Q. 73. How doth faith justify a sinner in the sight of God?
A. Faith justifies a sinner in the sight of God, not because of those other graces which do always accompany it, or of good works that are the fruits of it, nor as if the grace of faith, or any act thereof, were imputed to him for his justification; but only as it is an instrument by which he receiveth and applieth Christ and his righteousness.


Could someone explain to me what the underlined portion means? Thank you.


----------



## py3ak (Jul 17, 2013)

Perhaps the simplest way to answer is by asking another question. What is the righteousness we have as justified people?

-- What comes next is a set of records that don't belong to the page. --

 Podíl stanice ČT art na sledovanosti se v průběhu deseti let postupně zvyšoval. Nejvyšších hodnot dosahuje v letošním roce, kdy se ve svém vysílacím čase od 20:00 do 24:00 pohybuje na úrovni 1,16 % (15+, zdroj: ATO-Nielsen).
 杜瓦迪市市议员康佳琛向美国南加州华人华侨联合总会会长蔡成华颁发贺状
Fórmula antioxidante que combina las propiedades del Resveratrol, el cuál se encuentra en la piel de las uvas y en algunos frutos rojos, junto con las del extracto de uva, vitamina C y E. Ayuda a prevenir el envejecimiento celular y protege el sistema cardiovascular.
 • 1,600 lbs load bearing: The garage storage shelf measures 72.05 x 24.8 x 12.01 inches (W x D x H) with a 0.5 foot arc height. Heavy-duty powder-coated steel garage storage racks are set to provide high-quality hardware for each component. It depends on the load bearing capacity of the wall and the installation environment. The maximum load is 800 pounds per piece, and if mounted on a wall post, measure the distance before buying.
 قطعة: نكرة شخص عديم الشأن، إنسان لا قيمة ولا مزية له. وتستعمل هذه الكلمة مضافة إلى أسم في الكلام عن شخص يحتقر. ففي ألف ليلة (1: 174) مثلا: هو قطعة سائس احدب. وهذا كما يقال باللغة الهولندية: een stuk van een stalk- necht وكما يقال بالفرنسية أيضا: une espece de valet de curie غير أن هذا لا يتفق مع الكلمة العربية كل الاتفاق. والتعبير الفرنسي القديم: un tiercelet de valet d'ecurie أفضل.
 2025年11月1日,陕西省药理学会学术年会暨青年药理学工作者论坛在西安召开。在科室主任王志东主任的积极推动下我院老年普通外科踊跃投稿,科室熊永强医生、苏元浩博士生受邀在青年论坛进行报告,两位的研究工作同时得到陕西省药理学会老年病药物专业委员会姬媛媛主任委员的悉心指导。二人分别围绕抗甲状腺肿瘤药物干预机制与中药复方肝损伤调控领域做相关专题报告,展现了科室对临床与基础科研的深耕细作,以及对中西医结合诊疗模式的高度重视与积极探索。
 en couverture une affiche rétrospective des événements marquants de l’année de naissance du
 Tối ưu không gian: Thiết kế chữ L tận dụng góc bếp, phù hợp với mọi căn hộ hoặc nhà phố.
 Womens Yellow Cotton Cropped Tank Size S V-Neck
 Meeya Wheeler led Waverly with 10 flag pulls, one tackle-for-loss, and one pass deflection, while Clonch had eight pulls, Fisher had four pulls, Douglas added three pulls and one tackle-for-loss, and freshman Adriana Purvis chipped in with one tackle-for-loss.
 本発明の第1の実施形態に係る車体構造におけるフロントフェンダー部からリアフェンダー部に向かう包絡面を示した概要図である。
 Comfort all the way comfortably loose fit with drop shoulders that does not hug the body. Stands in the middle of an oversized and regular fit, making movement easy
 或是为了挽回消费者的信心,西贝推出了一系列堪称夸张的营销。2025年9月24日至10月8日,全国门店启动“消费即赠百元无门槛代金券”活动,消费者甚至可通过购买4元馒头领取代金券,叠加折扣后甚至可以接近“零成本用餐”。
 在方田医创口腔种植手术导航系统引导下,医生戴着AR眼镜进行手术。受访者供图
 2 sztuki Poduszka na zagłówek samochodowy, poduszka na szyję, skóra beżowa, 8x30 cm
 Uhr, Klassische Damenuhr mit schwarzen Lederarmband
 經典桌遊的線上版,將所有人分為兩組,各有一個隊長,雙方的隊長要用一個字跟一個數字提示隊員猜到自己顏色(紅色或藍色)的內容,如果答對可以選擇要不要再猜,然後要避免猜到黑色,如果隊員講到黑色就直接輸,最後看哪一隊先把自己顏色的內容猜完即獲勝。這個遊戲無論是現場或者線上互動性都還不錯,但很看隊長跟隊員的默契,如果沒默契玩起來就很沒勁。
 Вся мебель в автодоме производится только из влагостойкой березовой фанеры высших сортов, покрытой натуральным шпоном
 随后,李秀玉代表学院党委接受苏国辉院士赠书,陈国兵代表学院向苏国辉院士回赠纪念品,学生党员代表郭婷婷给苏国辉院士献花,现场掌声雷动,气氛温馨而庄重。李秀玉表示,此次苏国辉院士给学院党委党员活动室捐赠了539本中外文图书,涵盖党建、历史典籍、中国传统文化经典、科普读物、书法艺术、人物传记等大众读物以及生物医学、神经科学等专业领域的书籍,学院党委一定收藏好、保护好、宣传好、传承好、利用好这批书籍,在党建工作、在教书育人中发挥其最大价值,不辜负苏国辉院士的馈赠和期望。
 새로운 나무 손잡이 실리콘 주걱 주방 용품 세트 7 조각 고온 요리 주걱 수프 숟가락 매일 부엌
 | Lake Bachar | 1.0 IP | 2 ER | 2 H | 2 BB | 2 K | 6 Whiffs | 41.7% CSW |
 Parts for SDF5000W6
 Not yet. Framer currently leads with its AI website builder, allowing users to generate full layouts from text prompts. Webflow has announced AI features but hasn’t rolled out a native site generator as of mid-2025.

Horatius Bonar gives the correct answer in the title of his little pamphlet, _Not Faith, but Christ_. Your believing, whether you think about it in terms of believing a particular promise at a particular crisis, or in terms of the whole willingness to believe what God says, is not your righteousness; it is the instrument which receives and applies the righteousness of Christ.


----------



## littlepeople (Jul 18, 2013)

It's just making clear that even faith itself is not the ground of justification. This was the helpful analogy that was explained to me: in the olden days you put your food in the icebox to keep cool. You had to place a large chunk of slippery ice into the icebox to do the cooling. Because there was no ordinary way to hold it, the ice had to be grabbed by an instrument - large tongs. The tongs are the instrument that applies the ice to the icebox.

That helps us understand the use of the word "instrument" in describing the action of faith. Faith does not do a work, just like tongs won't cool your food. Only Ice will (Christ's work for you)


----------



## moral necessity (Jul 18, 2013)

nwink said:


> Q. 73. How doth faith justify a sinner in the sight of God?
> A. Faith justifies a sinner in the sight of God, not because of those other graces which do always accompany it, or of good works that are the fruits of it, nor as if the grace of faith, or any act thereof, were imputed to him for his justification; but only as it is an instrument by which he receiveth and applieth Christ and his righteousness.
> 
> 
> Could someone explain to me what the underlined portion means? Thank you.



"grace of faith" implies that faith, or the ability/will/desire to believe, is a gift given to us out of God's kindness. 
"act thereof" implies an action of faith or belief in Christ's atonement.
"imputed to him for justification" means that it causes him to be justified or exonerated of all charges before God.

The first two things do not exonerate us in God's court.

Belief or the act of believing does not justify you. 
Rather, Christ is just and he allows himself and his record to count in your place. 
We are clothed with Christ, and have "put on Christ", and he is why we stand justified before God.

Blessings!


----------



## sevenzedek (Jul 18, 2013)

So, just as Christ has said before, "Your faith has healed you," our faith is only the means through which we are saved. It is Christ who heals and saves. This distinction appears to be missed by "word of faith" proponents. For them, the onus falls on faith. For those who know the truth, we emphasize Christ; not our faith.


----------